Winding up a legacy pension scheme
Pensions & benefits Post-transaction and wind-up supportManaging the wind-up of a pension scheme can be a complicated and time-consuming process. Complex legacy schemes can take up a lot of time and money. This case study demonstrates how our PRINCE2 qualified project managers carefully managed the wind-up process for a small yet complex pension scheme.
The background
The pension scheme provided complex hybrid benefits – predominantly defined contribution, but with GMP underpins and other defined benefit features. As is typical of most small pension schemes, management time and expense was disproportionately high. It had been thought that winding-up the plan would be prohibitively expensive, or even impossible, due to the complexity of its hybrid benefits.
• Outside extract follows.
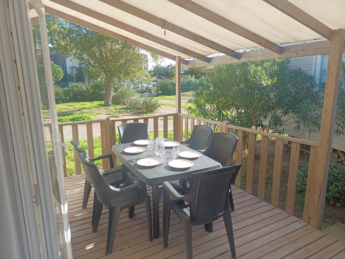 **Wake up to birdsong!** Premium mobile home, ideally located in a peaceful site. 5km from Aresquiers beaches, 1km from ornithological lagoons and scrubland massif. Shops nearby. Fully equipped accommodation (6 people) with flexible layout. - Air conditioning • Fully equipped kitchen • Living room - corner bench seating • Shower room, separate WC • Covered terrace with table and chairs • Private parking • Aquatic complex: 2 pools+slide+paddling pool • Dedicated concierge service (enhanced stay)
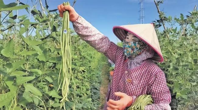 三亚市崖州区崖城镇拱北村种植户为新鲜采摘的豇豆绑上溯源二维码。

The Trustees appointed LCP as their specialist de-risking adviser in Q1 2015.
Our solution
LCP helped the Trustees through:
- Innovation – engineering a way to buy-out the plan’s hybrid benefits with an insurance company
- Market-leading buy-out advice – enabling the trustees to obtain an affordable premium and to structure the assets so as to stabilise the buy-out shortfall
- Other specialist advice – for example, in relation to allowing for the GMP underpin and for GMP equalisation and in communicating the changes to members
- Budget control – by assessing and monitoring the various options for settling members’ benefits, the Trustees were able to keep the company in full view of likely buy-out 'top-up' contributions required
- Project management – of the various workstreams against a detailed plan
The results
With our advice, the Trustees found a successful route to buy-out, providing benefit security for members and enabling the sponsor to wind-up the plan and avoid future expense.